Introducing Vertex AI's New Text-Multilingual-Embedding-002 Model
Vertex AI is excited to announce the public preview of its latest text embedding model, the text-multilingual-embedding-002. This model is packed with features designed to enhance text-based applications across a multitude of languages.
Multilingual Support
The text-multilingual-embedding-002
model has been evaluated on a wide array of languages, including Arabic, Bengali, English, Spanish, German, Persian, Finnish, French, Hindi, Indonesian, Japanese, Korean, Russian, Swahili, Telugu, Thai, Yoruba, and Chinese. Additionally, it supports an even broader range of languages, such as Afrikaans, Albanian, Amharic, Armenian, Azerbaijani, Basque, Belarusian, Bulgarian, Burmese, Catalan, Cebuano, Chichewa, Corsican, Czech, Danish, Dutch, Esperanto, Estonian, Filipino, Galician, Georgian, Greek, Gujarati, Haitian Creole, Hausa, Hawaiian, Hebrew, Hmong, Hungarian, Icelandic, Igbo, Irish, Italian, Javanese, Kannada, Kazakh, Khmer, Kurdish, Kyrgyz, Lao, Latin, Latvian, Lithuanian, Luxembourgish, Macedonian, Malagasy, Malay, Malayalam, Maltese, Maori, Marathi, Mongolian, Nepali, Norwegian, Pashto, and many more.
Flexible Dimensionality
This model offers flexible dimensionality, allowing users to select the number of dimensions according to their specific needs. This flexibility can help in optimizing storage and memory usage.
Top-Tier Performance
In terms of performance, the text-multilingual-embedding-002
model ranks among the top models on the Massive Text Embedding Benchmark (MTEB) leaderboard. This ensures that users can rely on its robust and efficient text embedding capabilities.
Easy to Use
Using this model is straightforward with the Vertex AI API or the Vertex AI SDK for Python. It supports up to 250 input texts per request in the us-central1
region and has a token limit of 2048 per input text.

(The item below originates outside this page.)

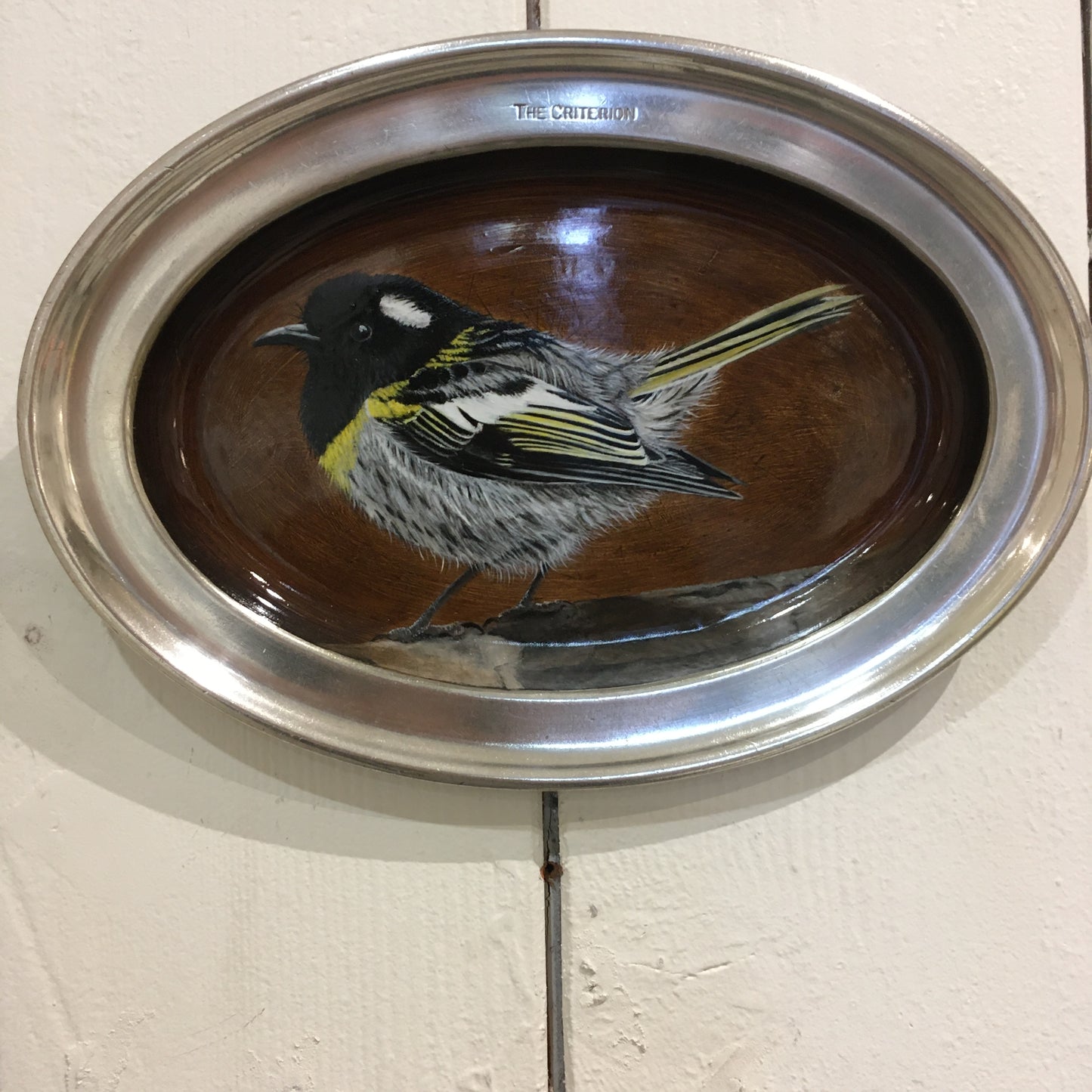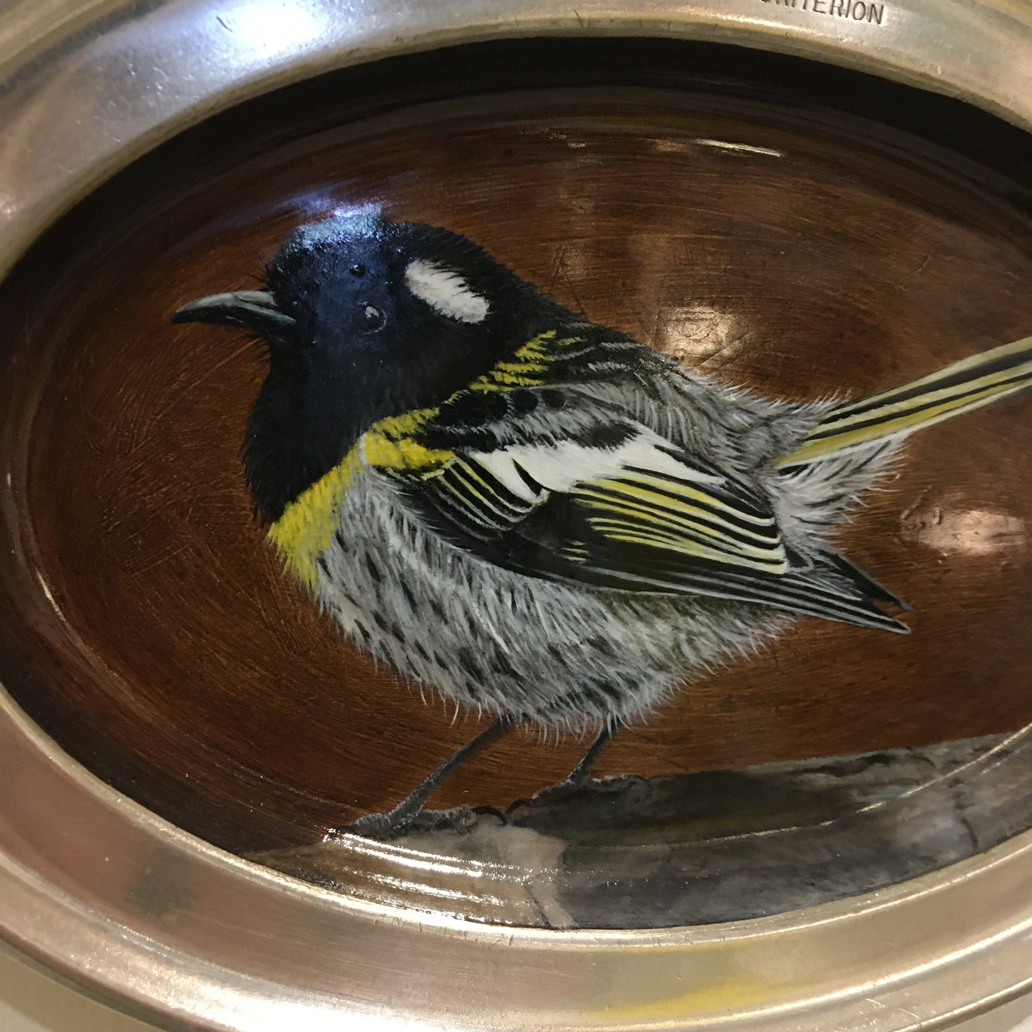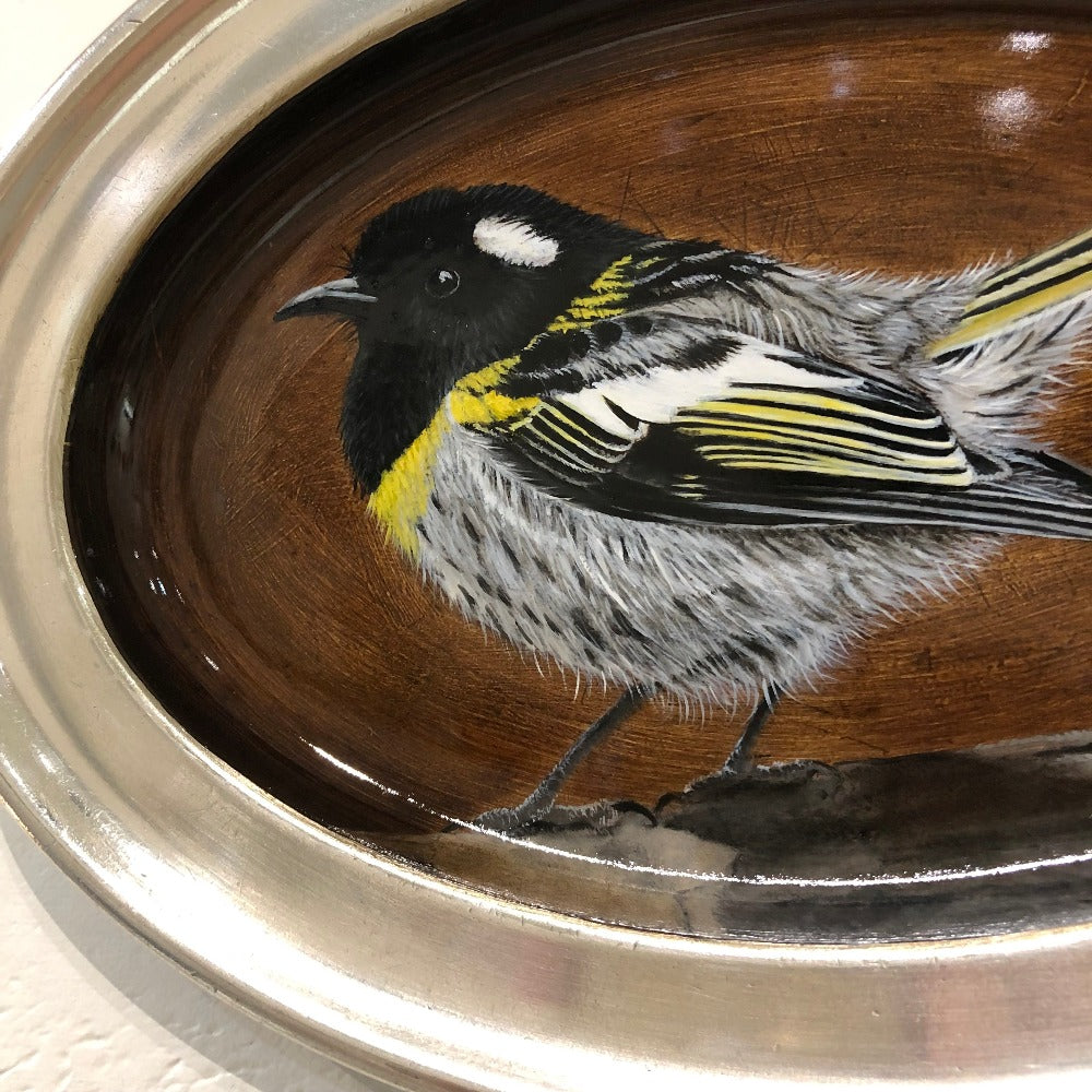 Hihi (Stichbird) - Original Oil Painting on Silver Tray by Nelson artist Lee-Ann Toyokawa
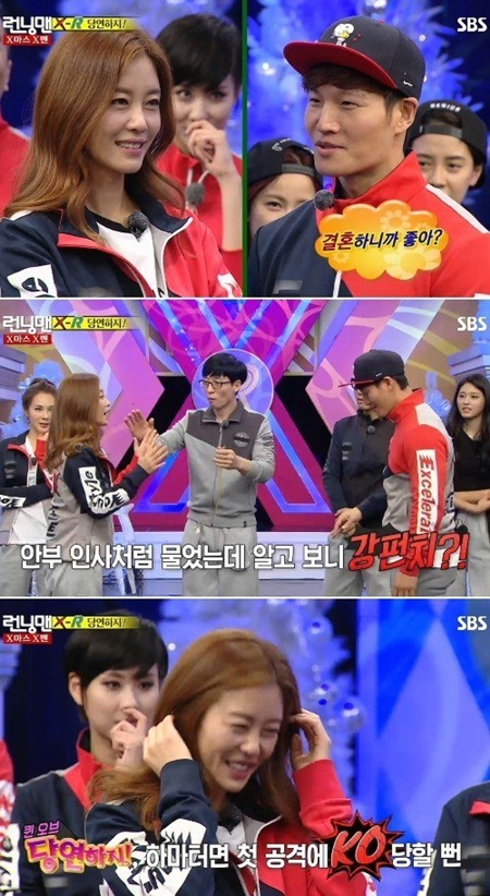 김종국은 먼저 "결혼하니까 좋아?"라고 물었고 이지현은 쉽게 대답하지 못했다. 그녀는 당황한 듯 아찔한 표정을 지어보였고 다들 놀라서 어쩔 줄 몰라했다. 이지현의 첫 위기가 온 것.

For practical implementation, example code is available in the Vertex AI SDK for Python documentation, offering a step-by-step guide on how to embed texts using this powerful model.
These updates underscore the text-multilingual-embedding-002
model's enhanced capabilities and flexibility, making it an invaluable tool for diverse text-based applications across multiple languages.